Driving out of the city of Paris after being there for a week certainly was revitalizing. And people were speaking English finally.

The Memorial Museum in Caen is an interesting tribute to the peace that surrounds the World Wars. The exhibits retrace the failure of the peace between the wars, the Weimar era, and it is in fact a tribute among many nations for peace after World War II.

Interestingly enough, we had lunch here at the same little corner that I had been two years ago with this touring company. One of the great things I love about tours like these is that there are an abundant amount of Americans. I got to meet newlyweds from Tennessee, a couple from Mississippi, a woman from Ohio, nice family from Chicago, and a faculty member from the University of Alabama. They were all a pleasure to talk to and get to know!

On Omaha Beach alone, there were 34,000 American troops that made their landing there, but even the 300 bombers hours beforehand could not tone down what lay ahead for the young soldiers. There are memorials all along the five sectors of the beaches; we stopped at Omaha, Utah, and Juno beaches.

However, nothing was more spectacular than the Normandy American Cemetery, adjacent to the Canadian and British ones. It happened to be the most beautiful weather one could ask for. This piece of oceanside land was given to the United States permanently by France. This was American soil. It was chilling.

Gotta hand it to the American Battle Monuments Commission (ABMC). They maintain beautiful cemetery and monuments dedicated to the troops in the wars of the twentieth century all over the world. I was able to visit Punchbowl Cemetery in Oahu last month, and now this.

After walking through the memorial museum on the grounds, you saw the memorial statue, ‘Spirit of the Youth’, and then the sea of gravemarkers simply flooded your sight. I believe the number was around 21,000 buried here. A portion of them marked ‘Here rests a comrade in arms, known but to God.

It was surprising to find out that in this part of France, there are actually more Germans buried here than all the allied troops put together. They number around 80,000, buried wherever their bodies ended up in.

On the way back, we drove through the countryside of Normandy and I could help but imagine the raining down of paratroopers, lines and companies cutting through the tall bushes and hedges as in the films I had just watched a few hours ago in the museum. Or for that matter, Band of Brothers. Can’t avoid throwing in Saving Private Ryan while your at it.

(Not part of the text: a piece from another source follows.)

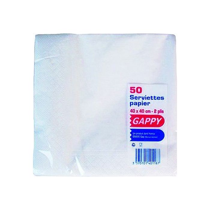 Lot de 50 serviettes en papier, de couleur blanche et avec deux plis ! Dimensions 38 centimètres par 38 centimètres !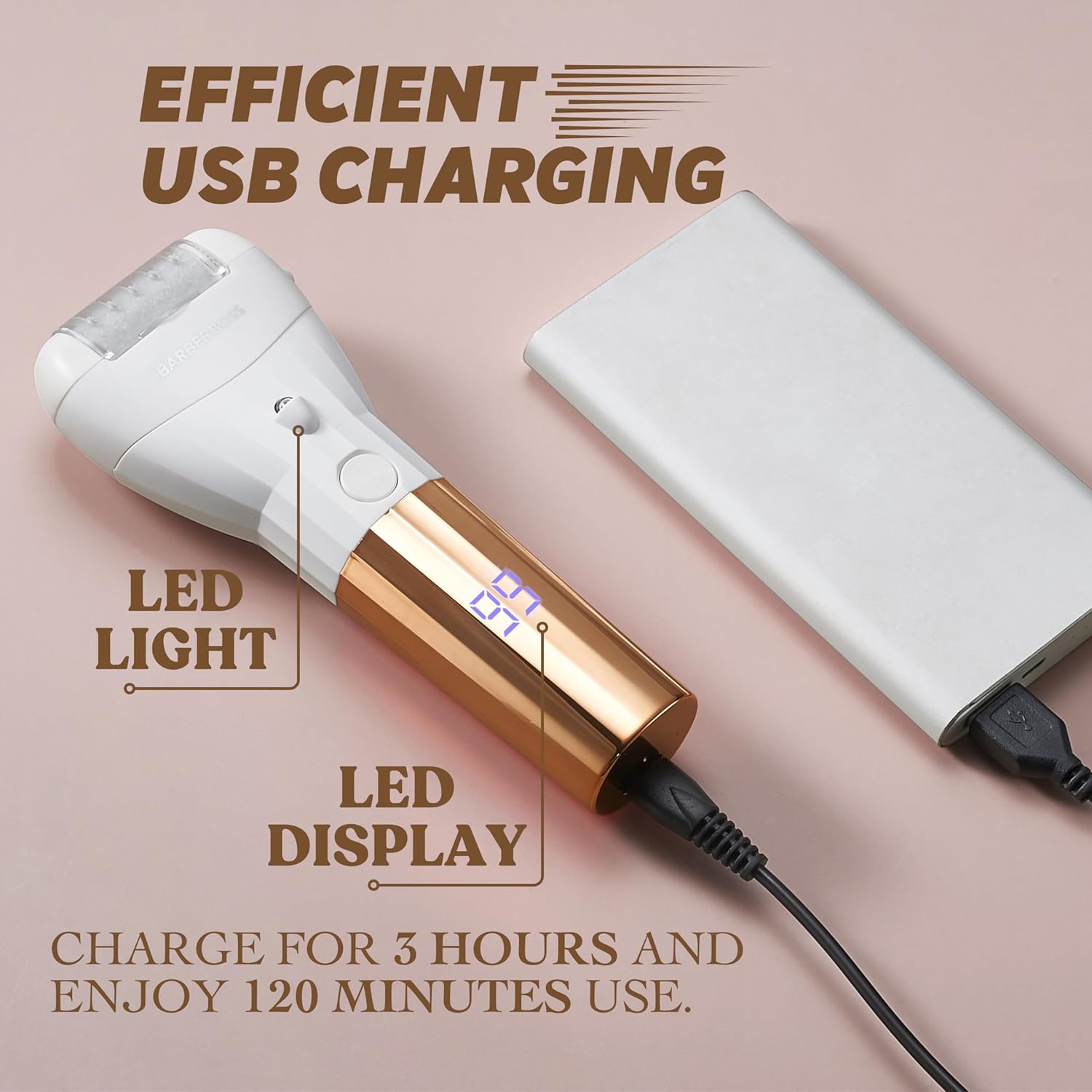 Smart LED-display en USB-opladen. Raad nooit uw batterijstatus met ons heldere LED-display. Bovendien zorgt het ingebouwde LED-licht voor precisie, zelfs op moeilijk bereikbare plaatsen. Ervaar uitgebreide voetverzorgingssessies met 120 minuten gebruik na slechts 3 uur opladen. Met de aanpasbare 5V1A USB-interface is opladen handig, of het nu via laptop, carport, stopcontact of powerbank is.

These are actual places that we read, watch and hear about. I was cruising on the highway right through them, munching on my exquisite dinner. I had a conversation with my teacher two years ago while spending two weeks out here in the countryside playing chamber music.  As we sat out in a field under the stars by the River Seine at the end of a long day, enjoying a cigar and wine (Nice huh? Better believe it; I don’t smoke though). Quietly, he just said, “Alex, look at that. Up there, this is where [the paratroopers] came down. Just out here, by these towns, in this field.”

The more astounding thing though? Life goes on. It has to. Farmers continue to farm as they did decades ago after rebuilding. They continue to farm as they did 70 years ago before the war. There are little stone memorials all throughout these fields and towns, but life goes on. Our tour guide joked, if they put a monument everywhere an event occurred in France, they wouldn’t have any place left to work, live and play! It’s probably the truth. Just look at Paris or Rome. All this to say, right on Omaha beach for example, there were a few local families with their kids playing in the sand and water, building sand castles, getting some sun.

This is the other side of the Parisian story of the 20th century. Often forgotten, taken for granted. In personal vengeance, Hitler’s acquisition of Paris was supposed to lead to its complete off-the-map destruction. You know, he had a bit of a grudge. Something about the German’s terms of agreement in some treaty of Versailles or something

Luckily, the Allies succeeded, arduously, in this battle for Normandy, France, and concordantly, European continent. We have a Paris, rich and full of tangible history in its buildings. To think, It almost burned.